NPM8200 internal switches oversubscribed

book

Article ID: 168041

calendar_today

Updated On:

Products

XOS

Issue/Introduction

NPM8200 discards packets because the internal switches are overloadedIf a customer detects silent packet loss when traffic passes through the chassis and sees interface input errors, the  internal NPM switch known as GMAC may be overloaded.

Cause

Use the following procedure to detect whether NPM8200 internal switches are overloaded.

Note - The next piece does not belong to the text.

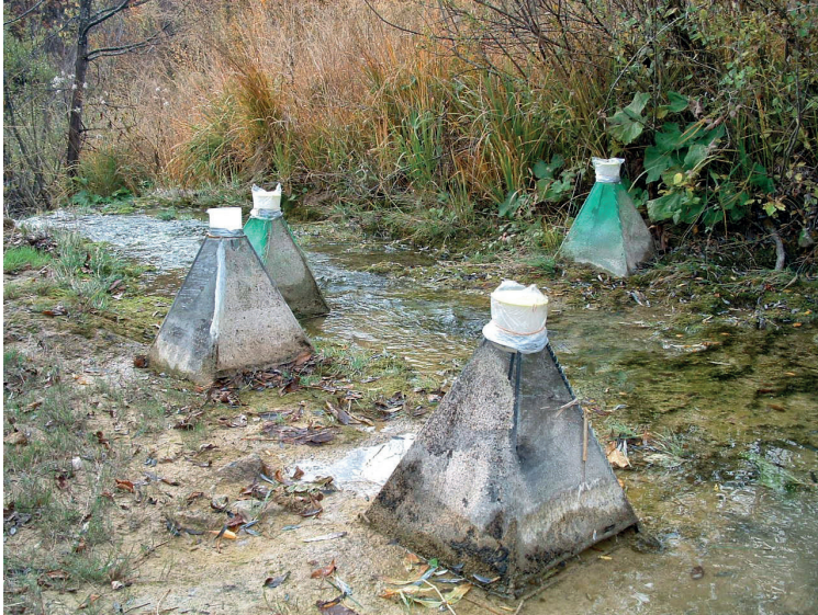
Fig. 2. Emergence traps at the Korana River site in Korana village.

Family: Hybotidae Meigen, 1820 Subfamily: Tachydromiinae Meigen, 1822 Tachypeza yinyang Papp & Földvári, 2002 Figs 3 – 4.

- First check cables, SFPs, ports, and switch
- Check if NPM drops traffic (see solution #806)
- Check if firewall drops packets (fw ctl zdebug drop)
- Check if interface errors continue growing:

CBS# clear interface gigiabitethernet 1/1
CBS# show interface gigabitethernet 1/1
Gigabitethernet 1/1 is up
Hardware address is 00:03:d2:11:b2:26
MTU 1500 bytes, BW 1 Gigabit, full-duplex, auto-negotiation is enabled
Last clearing of "show interface" counters never
1867526051936 packets input, 402280544082509 bytes
Received 300591297 broadcasts, 0 runts, 0 giants, 0 throttles
1246691127 input errors, 751 CRC, 0 frame, 0 overrun, 0 ignored
1858736280060 packets output, 400555380997905 bytes, 0 underruns
0 output errors, 0 collisions

Resolution

Each NPM8200 has 2 internal switches, which are responsible for the following physical ports:

GMAC-A: 1/1, 1/2, 1/3 and 1/4
GMAC-B: 1/5, 1/6, 1/7 and 1/8

Each GMAC can handle 1GB, but each physical port has 1GB of capacity. The easiest way to detect this issue is through the swatch utility. In the output below we can see a huge amount of RxErrors in first ports (1/1 and 1/3). If the sum of  the "Rx Data Rate" column for these interfaces is more than 1GB, the GMAC-A is overloaded and internal switch will drop packet silently.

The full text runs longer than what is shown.